[[ Source material, beginning ]]

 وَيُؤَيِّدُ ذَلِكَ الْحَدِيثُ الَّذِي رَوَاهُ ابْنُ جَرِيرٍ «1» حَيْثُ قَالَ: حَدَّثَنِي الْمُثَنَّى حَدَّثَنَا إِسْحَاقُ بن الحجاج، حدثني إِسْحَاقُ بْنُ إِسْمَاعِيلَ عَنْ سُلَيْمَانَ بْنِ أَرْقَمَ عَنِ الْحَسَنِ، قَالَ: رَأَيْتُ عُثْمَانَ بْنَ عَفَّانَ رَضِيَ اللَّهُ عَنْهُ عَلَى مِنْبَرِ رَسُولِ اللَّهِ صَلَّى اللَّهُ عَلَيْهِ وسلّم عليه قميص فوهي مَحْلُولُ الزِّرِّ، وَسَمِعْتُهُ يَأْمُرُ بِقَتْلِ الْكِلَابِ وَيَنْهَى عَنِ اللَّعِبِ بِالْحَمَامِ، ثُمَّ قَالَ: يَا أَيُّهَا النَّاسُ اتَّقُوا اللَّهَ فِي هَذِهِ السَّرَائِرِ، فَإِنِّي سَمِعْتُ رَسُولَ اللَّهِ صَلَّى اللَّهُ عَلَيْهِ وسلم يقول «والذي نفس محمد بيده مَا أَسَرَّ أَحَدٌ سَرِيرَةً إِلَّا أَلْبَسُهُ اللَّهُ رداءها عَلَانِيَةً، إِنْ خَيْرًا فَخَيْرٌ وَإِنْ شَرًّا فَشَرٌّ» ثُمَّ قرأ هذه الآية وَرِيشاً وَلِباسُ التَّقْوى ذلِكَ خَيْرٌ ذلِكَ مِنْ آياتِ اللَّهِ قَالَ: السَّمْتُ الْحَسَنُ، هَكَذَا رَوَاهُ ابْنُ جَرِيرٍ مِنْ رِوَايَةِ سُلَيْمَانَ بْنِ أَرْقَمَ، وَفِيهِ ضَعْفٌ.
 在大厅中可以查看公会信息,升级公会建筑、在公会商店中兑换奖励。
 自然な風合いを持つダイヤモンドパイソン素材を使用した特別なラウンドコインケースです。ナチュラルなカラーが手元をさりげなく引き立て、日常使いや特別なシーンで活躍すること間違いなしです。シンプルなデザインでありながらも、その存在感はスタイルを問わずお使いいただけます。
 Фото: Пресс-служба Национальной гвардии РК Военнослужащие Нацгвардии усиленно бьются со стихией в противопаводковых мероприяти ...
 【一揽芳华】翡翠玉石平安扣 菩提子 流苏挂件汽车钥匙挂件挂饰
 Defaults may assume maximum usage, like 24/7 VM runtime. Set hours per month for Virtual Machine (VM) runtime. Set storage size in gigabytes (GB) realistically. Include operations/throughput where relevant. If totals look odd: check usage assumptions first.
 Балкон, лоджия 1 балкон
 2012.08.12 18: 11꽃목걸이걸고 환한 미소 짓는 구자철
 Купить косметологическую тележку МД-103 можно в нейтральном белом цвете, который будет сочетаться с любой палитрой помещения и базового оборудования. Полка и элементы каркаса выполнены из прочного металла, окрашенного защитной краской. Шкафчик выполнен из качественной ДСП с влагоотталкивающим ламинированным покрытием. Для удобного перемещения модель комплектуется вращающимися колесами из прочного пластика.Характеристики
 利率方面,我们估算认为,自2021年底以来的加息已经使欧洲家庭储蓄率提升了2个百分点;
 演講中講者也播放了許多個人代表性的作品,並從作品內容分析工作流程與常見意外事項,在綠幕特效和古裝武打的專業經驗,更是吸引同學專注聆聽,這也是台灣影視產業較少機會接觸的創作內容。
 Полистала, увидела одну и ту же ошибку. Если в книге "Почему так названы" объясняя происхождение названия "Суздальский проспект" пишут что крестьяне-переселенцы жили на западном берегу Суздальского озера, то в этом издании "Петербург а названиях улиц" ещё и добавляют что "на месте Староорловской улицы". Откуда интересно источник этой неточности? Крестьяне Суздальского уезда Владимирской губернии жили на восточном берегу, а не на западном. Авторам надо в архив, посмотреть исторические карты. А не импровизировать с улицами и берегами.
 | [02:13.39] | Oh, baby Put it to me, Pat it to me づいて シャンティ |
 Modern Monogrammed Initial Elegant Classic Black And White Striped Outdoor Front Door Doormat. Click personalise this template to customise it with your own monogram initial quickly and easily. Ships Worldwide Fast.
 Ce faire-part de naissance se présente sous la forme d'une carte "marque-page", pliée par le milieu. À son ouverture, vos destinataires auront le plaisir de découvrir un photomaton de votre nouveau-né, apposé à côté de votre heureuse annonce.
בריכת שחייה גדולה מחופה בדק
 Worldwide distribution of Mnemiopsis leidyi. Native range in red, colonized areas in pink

[[ Source material, end ]]

(Task):
Please repeat the listing above in full and exactly.

(Result):
 وَيُؤَيِّدُ ذَلِكَ الْحَدِيثُ الَّذِي رَوَاهُ ابْنُ جَرِيرٍ «1» حَيْثُ قَالَ: حَدَّثَنِي الْمُثَنَّى حَدَّثَنَا إِسْحَاقُ بن الحجاج، حدثني إِسْحَاقُ بْنُ إِسْمَاعِيلَ عَنْ سُلَيْمَانَ بْنِ أَرْقَمَ عَنِ الْحَسَنِ، قَالَ: رَأَيْتُ عُثْمَانَ بْنَ عَفَّانَ رَضِيَ اللَّهُ عَنْهُ عَلَى مِنْبَرِ رَسُولِ اللَّهِ صَلَّى اللَّهُ عَلَيْهِ وسلّم عليه قميص فوهي مَحْلُولُ الزِّرِّ، وَسَمِعْتُهُ يَأْمُرُ بِقَتْلِ الْكِلَابِ وَيَنْهَى عَنِ اللَّعِبِ بِالْحَمَامِ، ثُمَّ قَالَ: يَا أَيُّهَا النَّاسُ اتَّقُوا اللَّهَ فِي هَذِهِ السَّرَائِرِ، فَإِنِّي سَمِعْتُ رَسُولَ اللَّهِ صَلَّى اللَّهُ عَلَيْهِ وسلم يقول «والذي نفس محمد بيده مَا أَسَرَّ أَحَدٌ سَرِيرَةً إِلَّا أَلْبَسُهُ اللَّهُ رداءها عَلَانِيَةً، إِنْ خَيْرًا فَخَيْرٌ وَإِنْ شَرًّا فَشَرٌّ» ثُمَّ قرأ هذه الآية وَرِيشاً وَلِباسُ التَّقْوى ذلِكَ خَيْرٌ ذلِكَ مِنْ آياتِ اللَّهِ قَالَ: السَّمْتُ الْحَسَنُ، هَكَذَا رَوَاهُ ابْنُ جَرِيرٍ مِنْ رِوَايَةِ سُلَيْمَانَ بْنِ أَرْقَمَ، وَفِيهِ ضَعْفٌ.
 在大厅中可以查看公会信息,升级公会建筑、在公会商店中兑换奖励。
 自然な風合いを持つダイヤモンドパイソン素材を使用した特別なラウンドコインケースです。ナチュラルなカラーが手元をさりげなく引き立て、日常使いや特別なシーンで活躍すること間違いなしです。シンプルなデザインでありながらも、その存在感はスタイルを問わずお使いいただけます。
 Фото: Пресс-служба Национальной гвардии РК Военнослужащие Нацгвардии усиленно бьются со стихией в противопаводковых мероприяти ...
 【一揽芳华】翡翠玉石平安扣 菩提子 流苏挂件汽车钥匙挂件挂饰
 Defaults may assume maximum usage, like 24/7 VM runtime. Set hours per month for Virtual Machine (VM) runtime. Set storage size in gigabytes (GB) realistically. Include operations/throughput where relevant. If totals look odd: check usage assumptions first.
 Балкон, лоджия 1 балкон
 2012.08.12 18: 11꽃목걸이걸고 환한 미소 짓는 구자철
 Купить косметологическую тележку МД-103 можно в нейтральном белом цвете, который будет сочетаться с любой палитрой помещения и базового оборудования. Полка и элементы каркаса выполнены из прочного металла, окрашенного защитной краской. Шкафчик выполнен из качественной ДСП с влагоотталкивающим ламинированным покрытием. Для удобного перемещения модель комплектуется вращающимися колесами из прочного пластика.Характеристики
 利率方面,我们估算认为,自2021年底以来的加息已经使欧洲家庭储蓄率提升了2个百分点;
 演講中講者也播放了許多個人代表性的作品,並從作品內容分析工作流程與常見意外事項,在綠幕特效和古裝武打的專業經驗,更是吸引同學專注聆聽,這也是台灣影視產業較少機會接觸的創作內容。
 Полистала, увидела одну и ту же ошибку. Если в книге "Почему так названы" объясняя происхождение названия "Суздальский проспект" пишут что крестьяне-переселенцы жили на западном берегу Суздальского озера, то в этом издании "Петербург а названиях улиц" ещё и добавляют что "на месте Староорловской улицы". Откуда интересно источник этой неточности? Крестьяне Суздальского уезда Владимирской губернии жили на восточном берегу, а не на западном. Авторам надо в архив, посмотреть исторические карты. А не импровизировать с улицами и берегами.
 | [02:13.39] | Oh, baby Put it to me, Pat it to me づいて シャンティ |
 Modern Monogrammed Initial Elegant Classic Black And White Striped Outdoor Front Door Doormat. Click personalise this template to customise it with your own monogram initial quickly and easily. Ships Worldwide Fast.
 Ce faire-part de naissance se présente sous la forme d'une carte "marque-page", pliée par le milieu. À son ouverture, vos destinataires auront le plaisir de découvrir un photomaton de votre nouveau-né, apposé à côté de votre heureuse annonce.
בריכת שחייה גדולה מחופה בדק
 Worldwide distribution of Mnemiopsis leidyi. Native range in red, colonized areas in pink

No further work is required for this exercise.